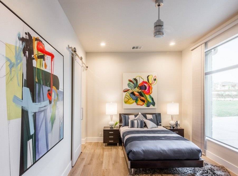 Пустующую стену за изголовьем можно украсить недорогой репродукцией, постером или яркими необычными плакатами. В детской на стену можно повесить меловую доску: так дизайн спальни можно будет менять хоть каждый день.
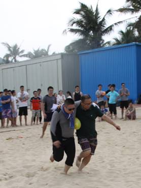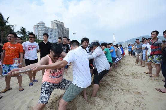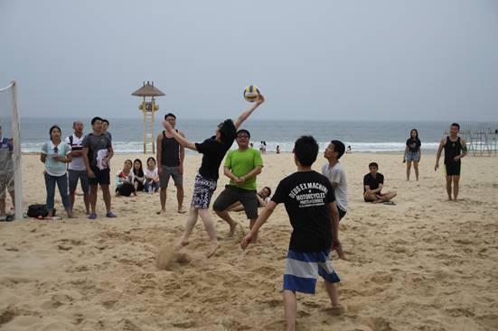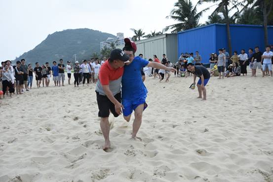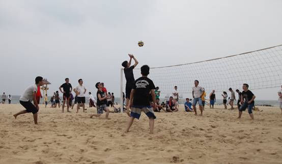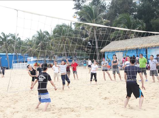 頭頂藍(lán)天,沐浴陽光,具有競技性的沙灘排球比賽開始了,大家光著腳板在金色柔軟的沙灘上,盡情的跳躍、翻滾、流汗,享受著這美妙的時光,充分釋放自己的好心情。
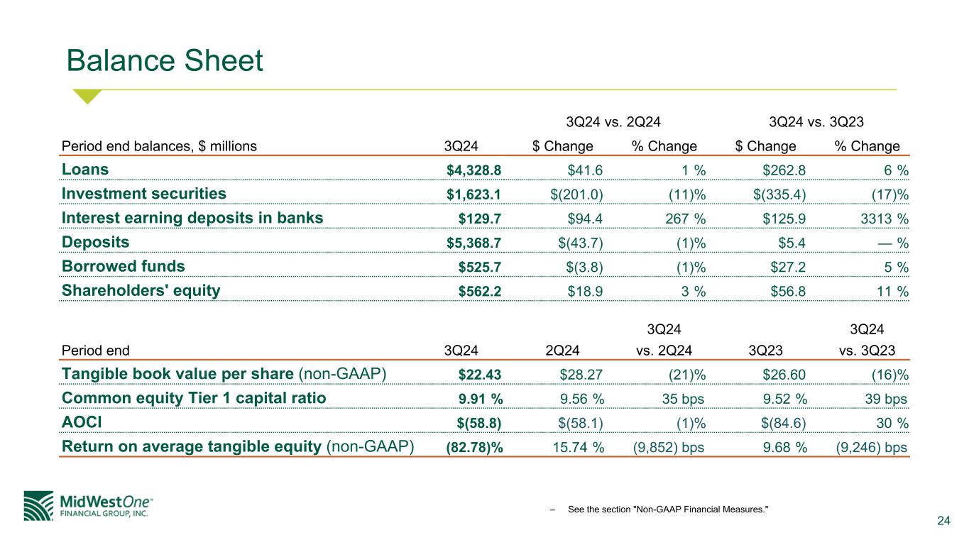 24资产负债表3Q24 vs. 2Q24 3Q24 vs. 3Q23期末余额,百万美元3Q24 $变动%变化$变动%变化贷款$ 4,328.8 $ 41.61% $ 262.86%投资证券$ 1,623.1 $(201.0)(11)% $(335.4)(17)%银行生息存款$ 129.7 $ 94.4 267% $ 125.9 3313%存款$ 5,368.7 $(43.7)(1)% $ 5.4 —%借入资金$ 525.7 $(3.8)(1)% $ 27.25%股东权益$ 562.2 $ 18.93% $ 56.811% 3Q24 3Q24期末3Q24 2Q24 vs. 2Q24 3Q23 vs. 3Q23每股有形账面价值(非公认会计准则)$ 22.43 $ 28.27(21)% $ 26.60(16)%普通股一级资本比率9.91% 9.56%35bps 9.52% 39bps AOCI $(58.8)$(58.1)(1)% $(84.6)30%平均有形资产回报率(非公认会计原则)(82.78)% 15.74%(9,852)bps 9.68%(9,246)bps –见“非公认会计原则财务措施”一节。
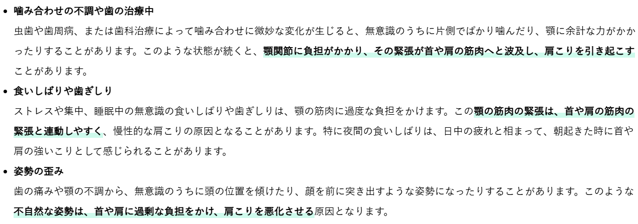 歯の痛みや顎の不調が、結果として肩こりを引き起こすこともあります。以下のような状況が考えられます。
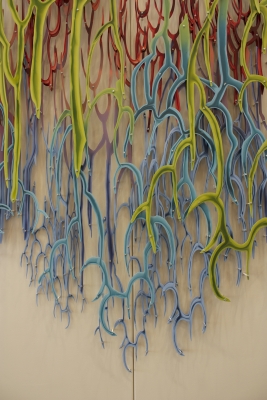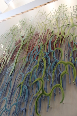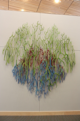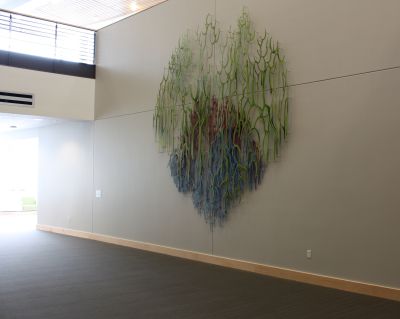 In Life Sign artist Katy Stone represents themes of life and interconnectedness. Stone layers cut metal to create repeating patterns and shapes found in nature, from forests, plants and roots to the body's vascular system of blood vessels. The green, red, and blue colors are found both in nature outdoors and in the interior of the body. Overall Life Sign looks like a raindrop or a leaf, or a heart. Stone notes that the artwork "expresses the idea of life at both the microscopic and macroscopic level, and symbolizes the concept of interconnectedness". The artwork's themes also connect the setting of the building, which has spectacular views of the surrounding trees and mountains, to the Health Sciences subjects taught within it.
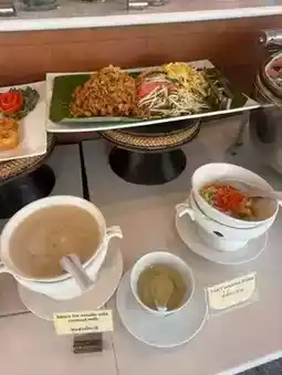 The breakfast was worth the anticipation. It included standard items like an egg station, salad, yogurt cups, fruits, cakes, and bread. Additionally, there were heavier dishes such as BBQ pork ribs, tamarind sauce fried river prawns, seafood fried rice, stir-fried beef, coconut milk noodles, stir-fried beef with oyster sauce, chicken massaman curry, calamari, iced shrimp with seafood sauce, soy milk with Chinese donuts, and mango sticky rice.
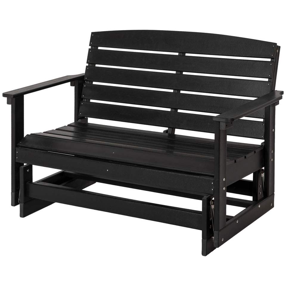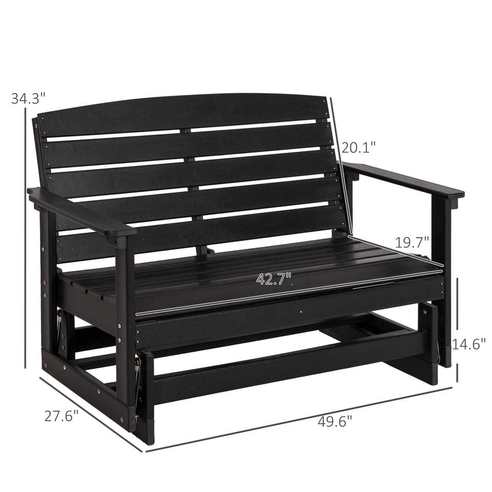 Sleek Black HDPE Slatted Double Rocking Chair Outdoor Patio Glider Bench in Stylish Design
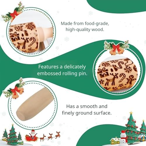 Christmas Wooden Rolling Pins, Xmas 3D Reindeer Shape Decor Embossing Rolling Pin,Christmas Patterned Rolling Pin Baking Tools (Christmas Reindeer)
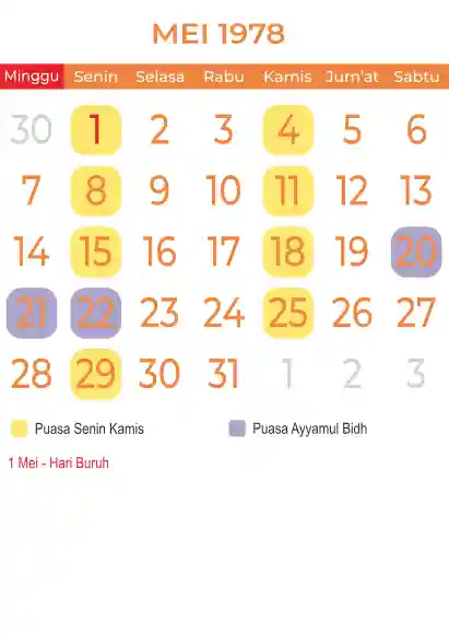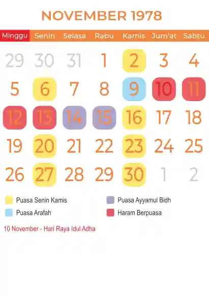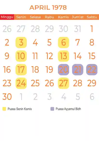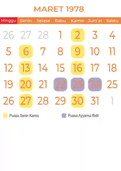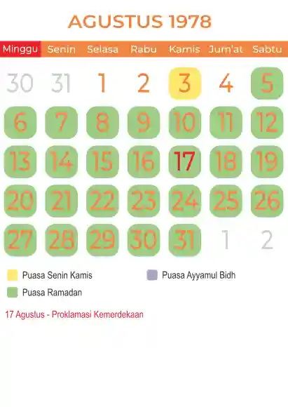 Template kalender puasa 1978, Versi yang lebih simple, cocok sekali buat anda yang ingin cetak kalender yang bermanfat buat umat.
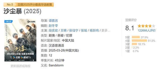 第五名:《沙尘暴》 由段奕宏,王锵,张佳宁等主演的《沙尘暴》赢得了第五名。 这部剧号称2025年口碑最佳的悬疑剧之一,毫无悬念。
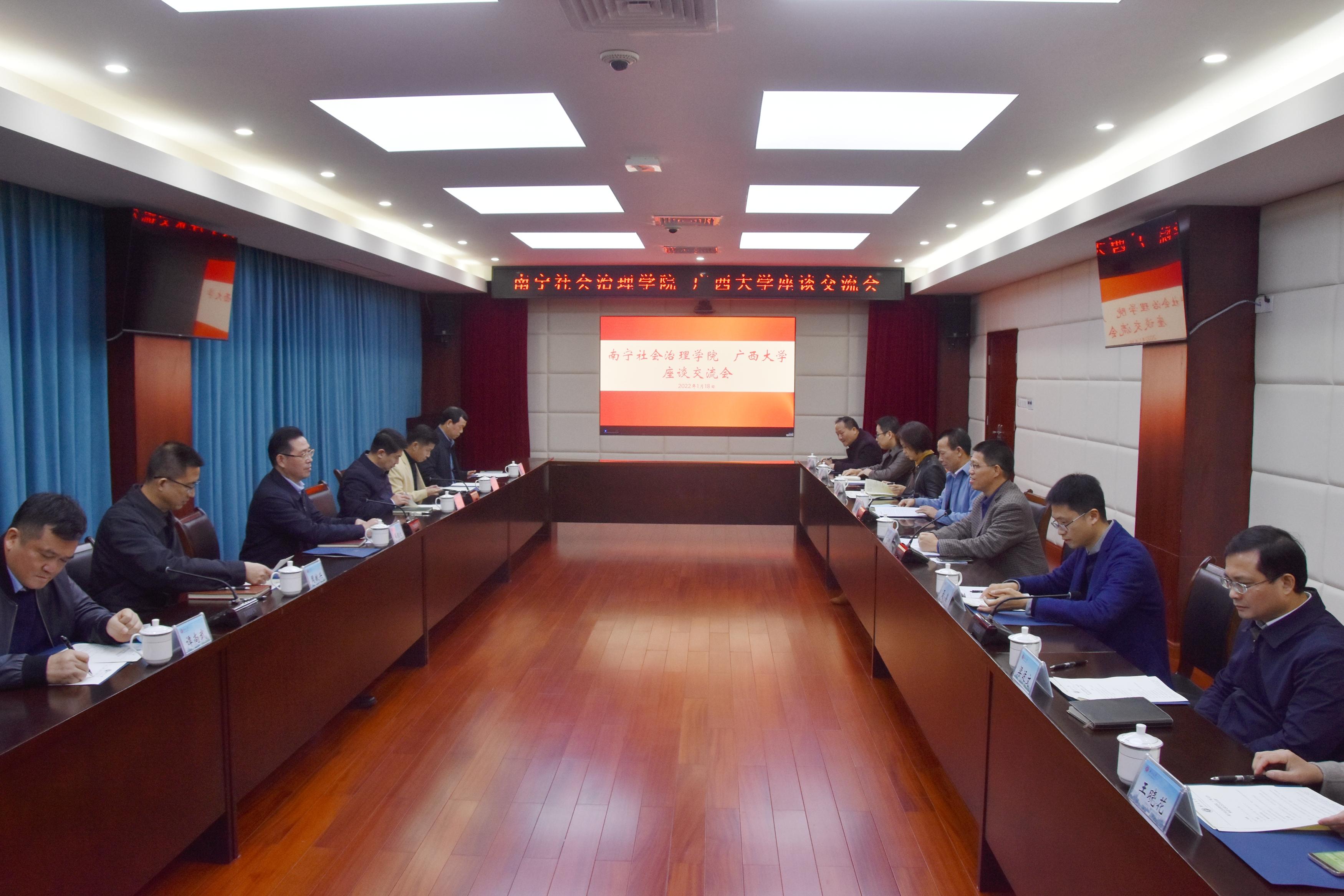 会上,韦绍仕副书记、李晓勇副书记等对我校在南宁社会治理学院的人才培养、社会服务等方面取得的成绩给予了肯定,并就成立广西社会治理学院的必要性、重要性及如何建设提出了指导性的意见和建议。

== == ==

From the data above, retype only the lines starting with the line with "Sleek Black HDPE" and going on through the line with "Template kalender puasa", exactly, leaving out the pictures.

**Response area:**
 Sleek Black HDPE Slatted Double Rocking Chair Outdoor Patio Glider Bench in Stylish Design
 Christmas Wooden Rolling Pins, Xmas 3D Reindeer Shape Decor Embossing Rolling Pin,Christmas Patterned Rolling Pin Baking Tools (Christmas Reindeer)
 Template kalender puasa 1978, Versi yang lebih simple, cocok sekali buat anda yang ingin cetak kalender yang bermanfat buat umat.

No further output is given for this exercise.